4.14. Determination of IgG1 and IgG2a Levels by Indirect ELISA

Indirect ELISA was used to measure the levels of IgG1 and IgG2a in mouse serum in triplicate. A total of 50 μL of 2 μg/mL of the MeFgCatB synthesis peptide in coating buffer (35 mM NaHCO3 and 15 mM Na2CO3, pH 9.6) was added to a U96 Maxi Sorp Nunc-Immuno Plate (Thermo Fisher Scientific, Waltham, MA, USA, Cat. No. 446261) and kept overnight at 4 °C. Washing with 0.05% PBST was performed on the coated plates three times. A total of 100 μL of 1% bovine serum albumin (BSA) (Capricorn Science, Ebsdorfergrund, Germany, Cat. No. BSA-1000) was added to each well to prevent nonspecific binding, and the wells were then incubated for one hour at room temperature (RT). Mouse sera diluted in PBS were added to the plates at 1:50 after washing three times with 0.05% PBST, and the plates were then incubated for two hours at RT. Following incubation, plates were rinsed three times with 0.05% PBST and then incubated for two hours at RT with horseradish peroxidase (HRP)-conjugated goat anti-mouse IgG1 or IgG2a (Southern Biotech, Birmingham, AL, USA, Cat.
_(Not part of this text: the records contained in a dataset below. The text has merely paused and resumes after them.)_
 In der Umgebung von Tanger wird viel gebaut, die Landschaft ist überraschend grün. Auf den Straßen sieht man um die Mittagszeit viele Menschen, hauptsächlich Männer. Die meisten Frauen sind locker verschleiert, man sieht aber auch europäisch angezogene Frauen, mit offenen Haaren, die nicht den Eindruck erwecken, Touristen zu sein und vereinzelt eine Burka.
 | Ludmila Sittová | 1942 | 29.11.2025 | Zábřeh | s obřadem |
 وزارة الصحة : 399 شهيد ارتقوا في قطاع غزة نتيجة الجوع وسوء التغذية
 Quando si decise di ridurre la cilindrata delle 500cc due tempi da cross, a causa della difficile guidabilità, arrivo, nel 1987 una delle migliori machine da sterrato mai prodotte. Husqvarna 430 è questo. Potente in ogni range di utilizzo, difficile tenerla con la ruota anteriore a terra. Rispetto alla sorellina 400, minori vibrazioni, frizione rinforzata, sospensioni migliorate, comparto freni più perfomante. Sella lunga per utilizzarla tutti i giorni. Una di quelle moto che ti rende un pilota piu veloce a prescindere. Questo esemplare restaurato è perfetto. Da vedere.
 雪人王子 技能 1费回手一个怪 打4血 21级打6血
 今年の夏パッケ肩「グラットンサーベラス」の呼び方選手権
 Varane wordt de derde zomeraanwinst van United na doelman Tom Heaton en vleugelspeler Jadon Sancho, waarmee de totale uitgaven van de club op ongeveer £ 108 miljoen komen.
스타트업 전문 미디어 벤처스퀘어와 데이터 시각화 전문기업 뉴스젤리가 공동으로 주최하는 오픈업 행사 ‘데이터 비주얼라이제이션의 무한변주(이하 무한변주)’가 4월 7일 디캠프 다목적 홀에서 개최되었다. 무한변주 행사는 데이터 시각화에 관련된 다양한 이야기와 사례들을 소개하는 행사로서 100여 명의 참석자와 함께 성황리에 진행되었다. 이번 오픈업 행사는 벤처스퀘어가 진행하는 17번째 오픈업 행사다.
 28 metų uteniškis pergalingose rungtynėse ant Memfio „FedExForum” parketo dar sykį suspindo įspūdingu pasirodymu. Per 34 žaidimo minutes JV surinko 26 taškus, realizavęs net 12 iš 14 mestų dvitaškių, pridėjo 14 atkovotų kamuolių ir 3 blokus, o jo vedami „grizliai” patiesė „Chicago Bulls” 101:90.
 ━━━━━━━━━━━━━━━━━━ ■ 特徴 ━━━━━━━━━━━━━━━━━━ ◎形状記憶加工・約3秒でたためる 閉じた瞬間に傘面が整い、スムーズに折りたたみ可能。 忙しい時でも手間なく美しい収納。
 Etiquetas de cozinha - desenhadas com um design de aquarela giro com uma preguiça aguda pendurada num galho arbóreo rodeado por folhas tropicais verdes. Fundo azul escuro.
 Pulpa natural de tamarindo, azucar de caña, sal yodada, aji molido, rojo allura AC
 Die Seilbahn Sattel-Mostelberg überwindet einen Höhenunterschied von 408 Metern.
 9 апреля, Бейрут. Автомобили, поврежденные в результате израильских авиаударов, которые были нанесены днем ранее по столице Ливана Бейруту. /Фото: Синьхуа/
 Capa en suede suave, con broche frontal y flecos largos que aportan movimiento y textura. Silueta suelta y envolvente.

No. 5300-05) diluted with PBS at a ratio of 1:500. After five washes with 0.05% PBST, 50 μL of 3, 3′, 5, 5′-tetramethylbenzidine (TMB) (Sigma, St. Louis, MO, USA, Cat. No. T0440) was added to the plates, and they were incubated for 15 min at RT. For the stop reaction, 50 μL of stop buffer (1 N HCl) was added to each well. An automatic SpectraMax ABS Microplate Reader (Molecular Devices, San Jose, CA, USA) was used to measure optical densities (OD) at 450 nm. Furthermore, IgG1 and IgG2a levels for the proteins rFgCatB1, rFgCatB2, and rFgCatB3 were measured at week 8 according with the previous method.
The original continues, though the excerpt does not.